Estuvo allí metido una semana; luego, otra. No
hacía daño; únicamente no comprendía. Y los vecinos
tampoco comprendían nada. En aquellos instantes, mientras él
estaba encerrado sin causar daño, deberían haber aprovechado el
momento para darse un respiro, pero, en vez de hacerlo, se asustaron. Y no era
para menos. Hasta entonces no había habido más que perjuicios, y
todos esperaban, que, de una hora a otra, el mal les reportase beneficios; pero
apenas empezaban a presagiarse éstos, todo en derredor se había
encalmado de repente: no se percibían ni daños ni beneficios.

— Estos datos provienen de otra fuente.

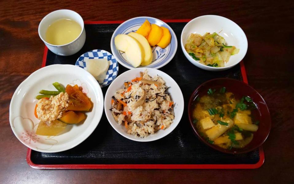 10月21日(火)お昼ご飯。 きのこの炊き込みご飯、冬瓜(とうがん)のそぼろあんかけ、白菜煮、豆腐の味噌汁、お漬物、りんご、柿
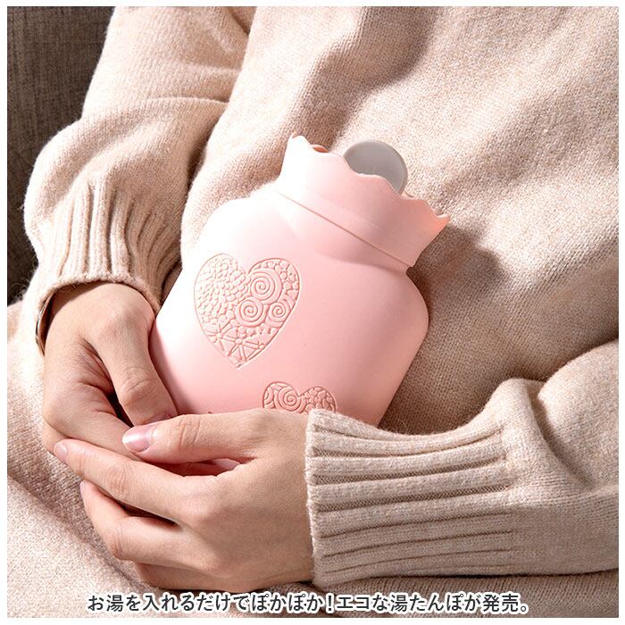 湯たんぽ シリコン 通販 ゆたんぽ 湯タンポ レンジ 小さめ ミニ ボトル カバー付き かわいい 可愛い 340ml 柔らかい ソフト 防寒グッズ 冷え対策 お腹 あったか 保温 ハート アイシング 氷のう おしゃれ

¿Qué vendría tras aquella calma? No se sabía. Y
claro, se aturdieron. Abandonaron el trabajo, se escondieron en sus madrigueras,
olvidaron la cartilla y quedaron a la expectativa.
Y mientras tanto, el jefe celoso empezó a recobrar poco
a poco unas gotitas de razón. Un día se asomó a la ventana
y pareció comprender algo.
-Por lo visto, ¡mi solo aspecto irracional ha bastado
para hacer verdadero daño! -exclamó, y quedó a la espera,
pensando "Ahora, de un momento a otro, se agolparán los vecinos ante
mi casa y empezarán a pedir el presidio".
Mas, por mucho que esperó, no vino nadie. Al parecer,
todo lo tenía ya alerta: los campos desolados, los ríos con poca
agua, los rebaños diezmados por el carbunclo, los libros desaparecidos...
Un esfuerzo más, ¡y el presidio estaría dispuesto! Pero
surgía una interrogante: ¿Con quiénes lo iba a construir?
Adondequiera que tendía la mirada, todo estaba desierto;
únicamente "los malvados", como una nube de mosquitos al sol,
jugaban en manadas. Y sólo con ellos no era posible edificar el presidio.
Pues incluso para hacer un presidio no se necesitaban soplones ociosos, sino
vecinos oriundos del lugar, trabajadores, sumisos.